Magnetic states at the surface of α-Fe2O3 thin films doped with Ti, Zn, or Sn

The spin states at the surface of epitaxial thin films of hematite, both undoped and doped with 1% Ti, Sn, or Zn, respectively, were probed with x-ray magnetic linear dichroism (XMLD) spectroscopy. Morin transitions were observed for the undoped (T-M approximate to 200 K) and Sn-doped (T-M approximate to 300 K) cases, while Zn-and Ti-doped samples were always in the high-and low-temperature phases, respectively. In contrast to what has been reported for bulk hematite doped with the tetravalent ions Sn4+ and Ti4+, for which T-M dramatically decreases, these dopants substantially increase T-M in thin films, far exceeding the bulk values.

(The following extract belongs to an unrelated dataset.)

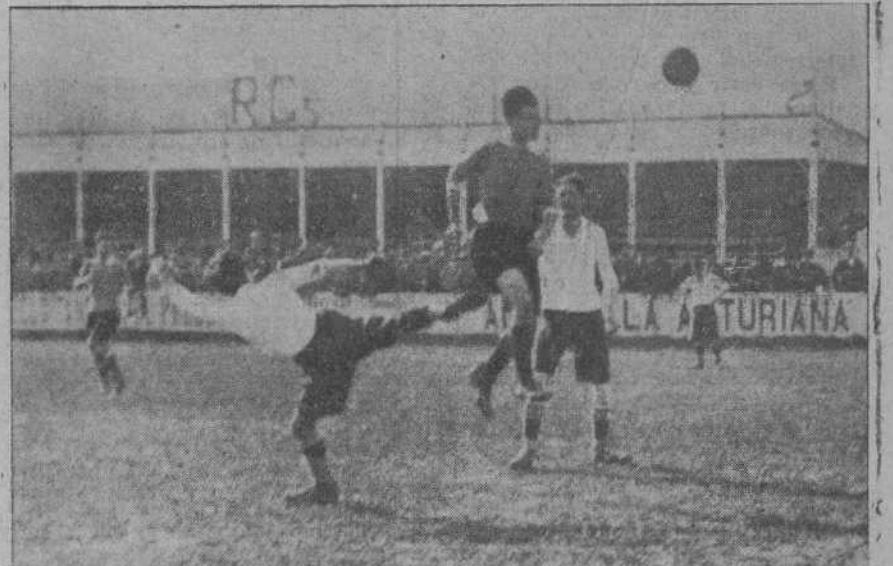
PARTIDO DE CAMPEONATO SERIE B NEW RACING-REINOSA.—Bueno fué el único newracingista que dió muestras de conocimiento y ciencia futbolística, aprovechando juego.

faltan tantas, tantísimas cosas para poder jugar en el partidos de la importancia de los de campeonato, y para que el público pueda acudir a él, no sólo con medianas comodidades, sino sin peligro de salir de allí con una enfermedad que no llevaba al entrar, que creamos sinceramente que la Federación hubiera hecho mejor en no autorizarle, aunque para ello fuera preciso hacer dejación de su sintagmático criterio ampliamente liberal. Hemos hablado al principio del flamante campo de Miramar, pero a decir verdad, se encuentra en tal estado el pedregal, que a nosotros nos dió la sensación de una cosa lamentablemente vieja, algo así como la desgarrada y mugrienta chaqueta que un pobre mendigo herido de algún repavejero que no podía darla ya salida.

The normalized Fe L-II-edge dichroism for T < T-M does not strongly depend on doping or temperature, except for an apparent increase of the peak amplitudes for T < 100 K. We observed magnetic field-induced inversions of the dichroism peaks. By applying a magnetic field of 6.5 T on the Ti-doped sample, a transition into the T > T-M state was achieved. The temperature dependence of the critical field for the Sn-doped sample was characterized in detail. It was demonstrated the sample-to-sample variations of the Fe L-III-edge spectra were, for the most part, determined solely by the spin orientation state. Calculations of the polarization-dependent spectra based on a spin-multiplet model were in reasonable agreement with the experiment and showed a mixed excitation character of the peak structures.